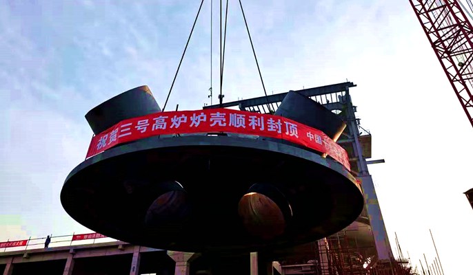 1月11日上午,由中国十七冶集团有限公司冶金工程技术分公司承建的河北钢铁集团乐亭钢铁项目3#高炉炉壳顺利封顶。
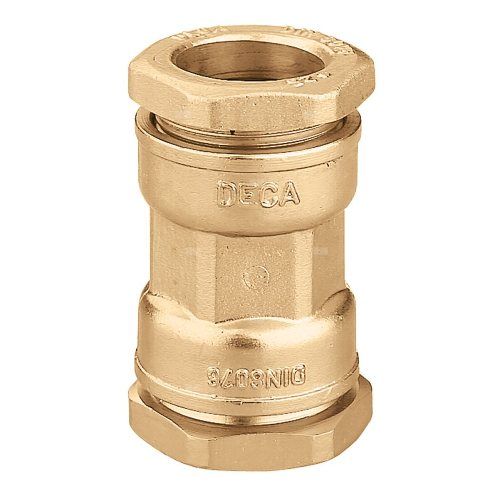 Złączka równoprzelotowa Do rur żelaznych. Przyłącze: Ø 21. Maksymalne ciśnienie pracy: 16 bar. Zakres temperatury medium: 0–40 °C. Materiał: mosiądz.
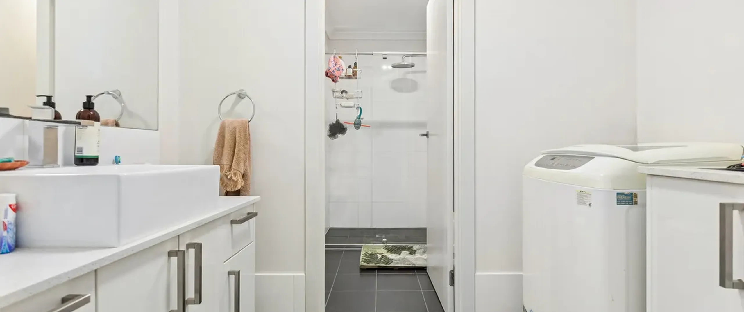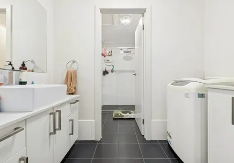 - Centrally positioned main bathroom complete with an oversized shower, toilet, above-mount vanity and integrated laundry facilities
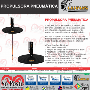 a Propulsora Pneumática para Óleo Lupus 3:1 x 25LPM com adaptação para tambor de 200 kg é uma ferramenta eficiente e prática para a movimentação de óleo, oferecendo uma boa relação entre pressão e vazão, além de ser facilmente instalada em tambores padrão.
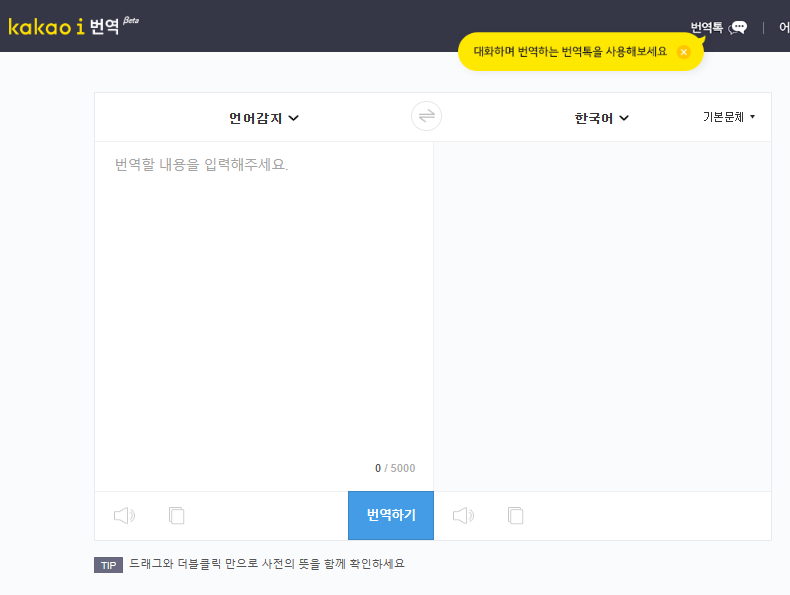 ์นด์นด์ค์์๋ ๋ฒ์ญ๊ธฐ ์๋น์ค๋ฅผ ์ ๊ณตํ๊ณ ์์ต๋๋ค. ํํ์ด์ง(https://translate.kakao.com)์ ํตํด์ ๋ฒ์ญ๊ธฐ๋ฅผ ์ฌ์ฉํ ์ ์์ต๋๋ค. ์นด์นด์คํ๋ฉด ์นด์นด์คํก์ด ๋ ์ค๋ฅด์ฃ . ๋ฒ์ญํก์ ํตํด ๊ฐ๋ณ๊ฒ ๋ชจ๋ฐ์ผ์์ ์ฌ์ฉํ ์ ์๋ค๋ ์ฅ์ ์ด ์์ต๋๋ค.
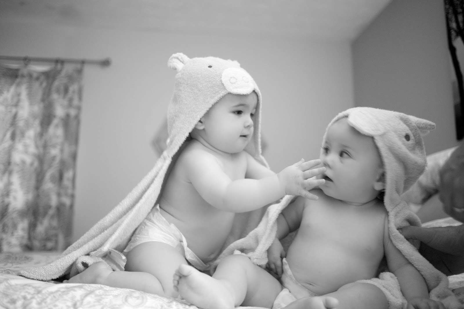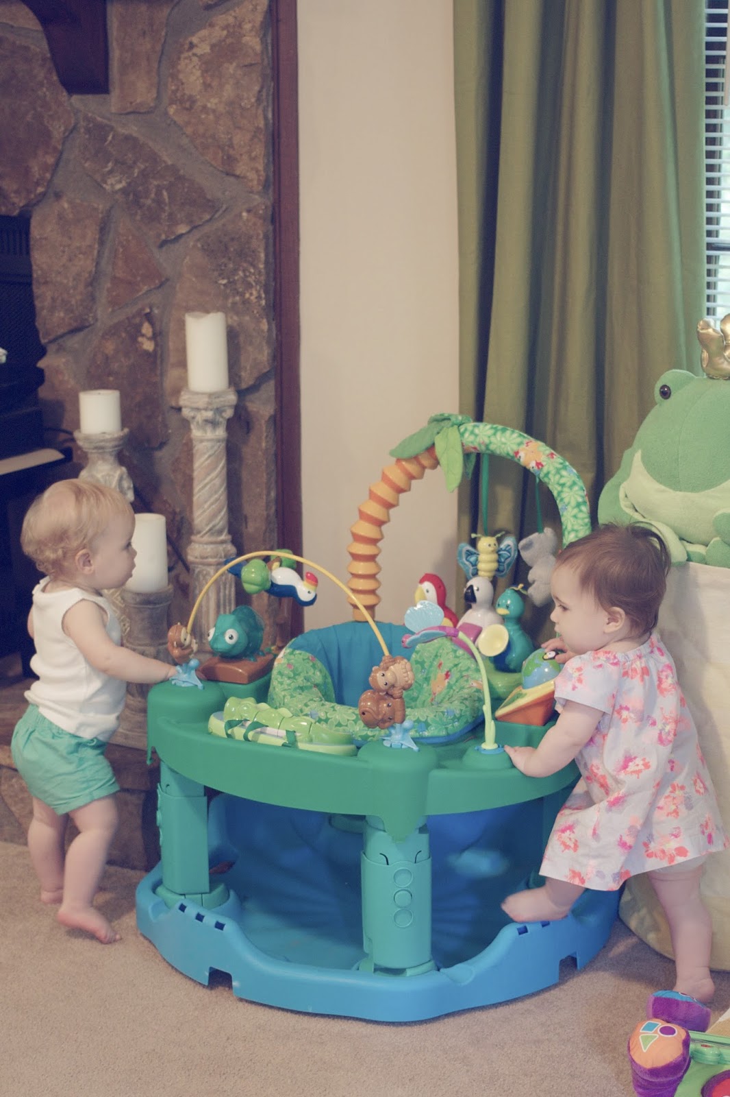 The visit was too short, and these numerous pictures will both give you an idea of how the visit went and (hopefully) brighten your day. The gist of it all? Well, they’re both babies, so there was eating, playing, bathing and sleeping–as well as some diaper changes, bumped heads and toy-sharing. Enjoy!
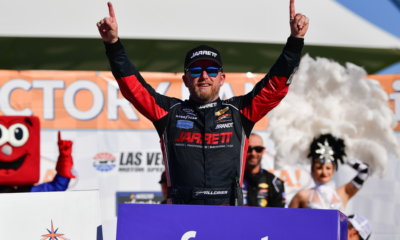 Mar 15, 2025; Las Vegas, Nevada, USA; NASCAR Xfinity Series driver Justin Allgaier (7) celebrates his victory of The LiUNA! race at Las Vegas Motor Speedway....
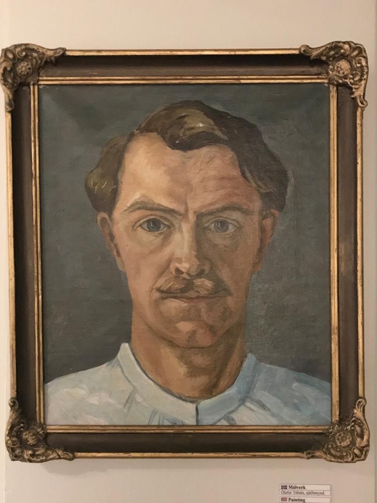 Olíumálverk, sjálfsmynd Ólafs Túbals, 34 x 40 cm. Innrammað. Skráð inn safn málverka Ólafs Túbals í Múlakoti í Fljótshlíð. Reynir Ólafsson, sonur hans, kom með málverkin að Skógum 1987 til sýningar. Gerði eins vel ekki ráð fyrir að taka þau aftur en formleg gjöf með bréfi fór ekki fram. Síðar tjáði hann munnlega við Þórð Tómasson að það væri vilji sinn að Skógasafn varðveitti málverkin. Nú er Reynir dáinn og mál til komið að skrá þessi dýrmætu verk föður hans inn í safnið. Jóndi, Jón Kristinsson á Lambey, var ráðgjafi Reynis um þessa ráðstöfum.
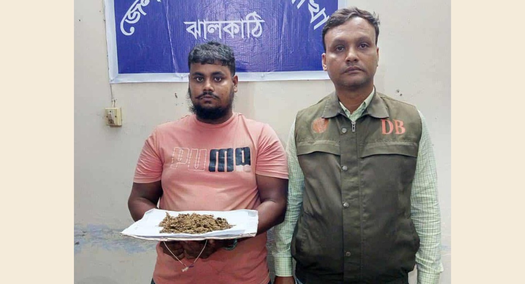 ঝালকাঠি জেলা গোয়েন্দা (ডিবি) পুলিশের অভিযানে নলছিটিতে ১০০ গ্রাম মাদকদ্রব্য গাঁজাসহ এক যুবককে গ্রেপ্তার করা হয়েছে। সোমবার (২৭ অক্টোবর ২০২৫) রাত সাড়ে ১১টার দিকে নলছিটি উপজেলার সুবিদপুর ইউনিয়নের গোদন্ডা গ্রামের বেল্লাল হোসেনের মাছের ঘেরের সামনে ইটের সোলিং রাস্তা থেকে তাকে আটক করে ডিবি পুলিশ।
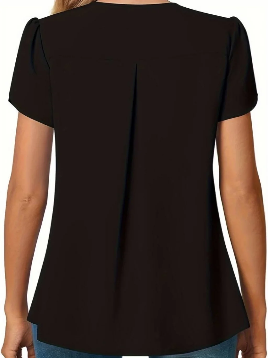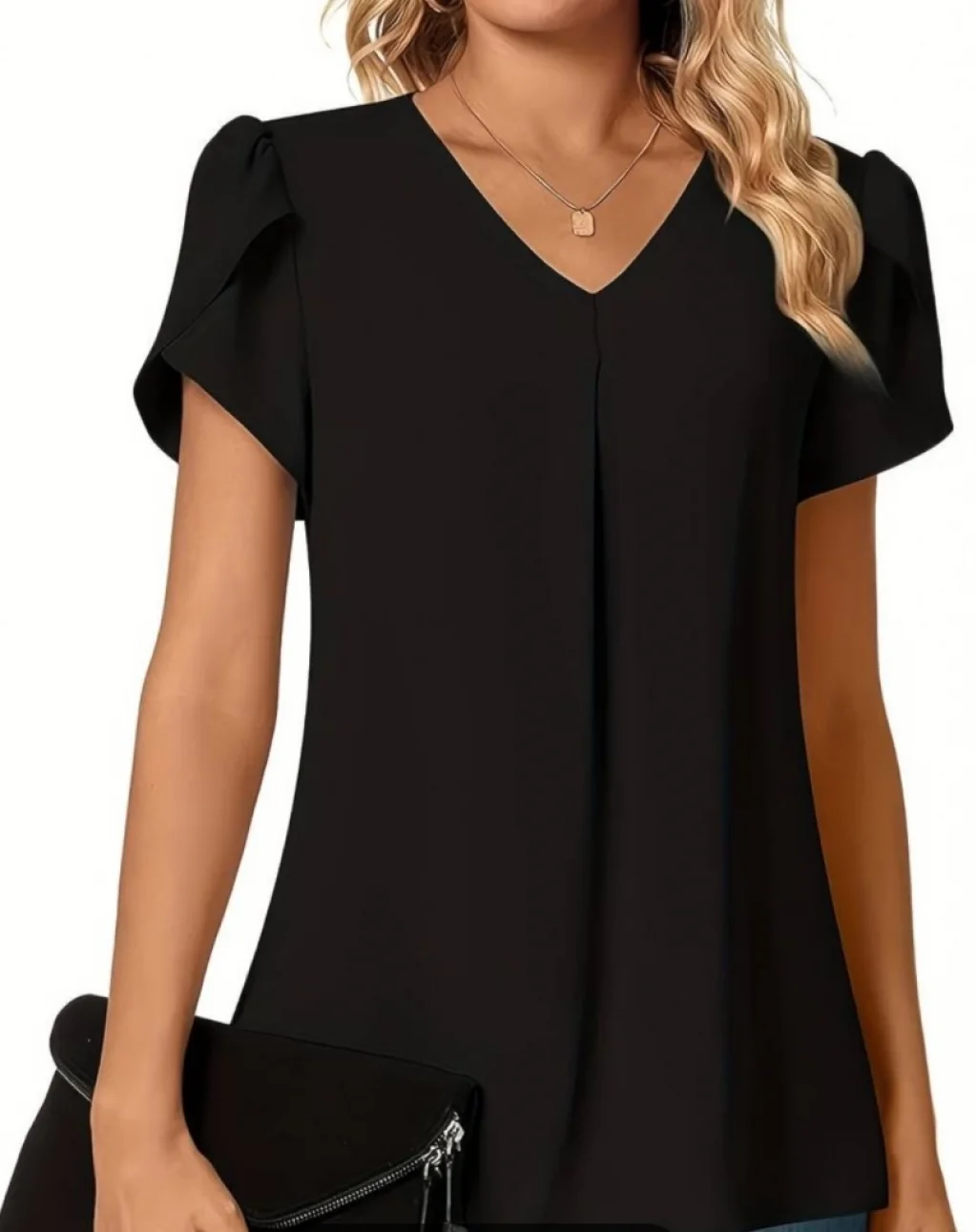 <p>Kısa Kollu V Yaka Sandy Bluz</p><br> <p>Modelin Ölçüleri: Boy:165, Kg:55, Göğüs:90, Bel:72, Kalça: 100</p><br> <p>Modelin üzerindeki ürün M/38 bedendir</p><br> <ul> <li>DESEN-Diğerleri</li><li>KALIP-Düz/Desensiz</li> </ul>

+--

- _PROBLEM REQUIREMENTS_:
Copy all records exactly; omit images.

- _EXERCISE OUTPUT_:
 1月11日上午,由中国十七冶集团有限公司冶金工程技术分公司承建的河北钢铁集团乐亭钢铁项目3#高炉炉壳顺利封顶。
 Złączka równoprzelotowa Do rur żelaznych. Przyłącze: Ø 21. Maksymalne ciśnienie pracy: 16 bar. Zakres temperatury medium: 0–40 °C. Materiał: mosiądz.
 - Centrally positioned main bathroom complete with an oversized shower, toilet, above-mount vanity and integrated laundry facilities
 a Propulsora Pneumática para Óleo Lupus 3:1 x 25LPM com adaptação para tambor de 200 kg é uma ferramenta eficiente e prática para a movimentação de óleo, oferecendo uma boa relação entre pressão e vazão, além de ser facilmente instalada em tambores padrão.
 ์นด์นด์ค์์๋ ๋ฒ์ญ๊ธฐ ์๋น์ค๋ฅผ ์ ๊ณตํ๊ณ ์์ต๋๋ค. ํํ์ด์ง(https://translate.kakao.com)์ ํตํด์ ๋ฒ์ญ๊ธฐ๋ฅผ ์ฌ์ฉํ ์ ์์ต๋๋ค. ์นด์นด์คํ๋ฉด ์นด์นด์คํก์ด ๋ ์ค๋ฅด์ฃ . ๋ฒ์ญํก์ ํตํด ๊ฐ๋ณ๊ฒ ๋ชจ๋ฐ์ผ์์ ์ฌ์ฉํ ์ ์๋ค๋ ์ฅ์ ์ด ์์ต๋๋ค.
 The visit was too short, and these numerous pictures will both give you an idea of how the visit went and (hopefully) brighten your day. The gist of it all? Well, they’re both babies, so there was eating, playing, bathing and sleeping–as well as some diaper changes, bumped heads and toy-sharing. Enjoy!
 Mar 15, 2025; Las Vegas, Nevada, USA; NASCAR Xfinity Series driver Justin Allgaier (7) celebrates his victory of The LiUNA! race at Las Vegas Motor Speedway....
 Olíumálverk, sjálfsmynd Ólafs Túbals, 34 x 40 cm. Innrammað. Skráð inn safn málverka Ólafs Túbals í Múlakoti í Fljótshlíð. Reynir Ólafsson, sonur hans, kom með málverkin að Skógum 1987 til sýningar. Gerði eins vel ekki ráð fyrir að taka þau aftur en formleg gjöf með bréfi fór ekki fram. Síðar tjáði hann munnlega við Þórð Tómasson að það væri vilji sinn að Skógasafn varðveitti málverkin. Nú er Reynir dáinn og mál til komið að skrá þessi dýrmætu verk föður hans inn í safnið. Jóndi, Jón Kristinsson á Lambey, var ráðgjafi Reynis um þessa ráðstöfum.
 ঝালকাঠি জেলা গোয়েন্দা (ডিবি) পুলিশের অভিযানে নলছিটিতে ১০০ গ্রাম মাদকদ্রব্য গাঁজাসহ এক যুবককে গ্রেপ্তার করা হয়েছে। সোমবার (২৭ অক্টোবর ২০২৫) রাত সাড়ে ১১টার দিকে নলছিটি উপজেলার সুবিদপুর ইউনিয়নের গোদন্ডা গ্রামের বেল্লাল হোসেনের মাছের ঘেরের সামনে ইটের সোলিং রাস্তা থেকে তাকে আটক করে ডিবি পুলিশ।
 <p>Kısa Kollu V Yaka Sandy Bluz</p><br> <p>Modelin Ölçüleri: Boy:165, Kg:55, Göğüs:90, Bel:72, Kalça: 100</p><br> <p>Modelin üzerindeki ürün M/38 bedendir</p><br> <ul> <li>DESEN-Diğerleri</li><li>KALIP-Düz/Desensiz</li> </ul>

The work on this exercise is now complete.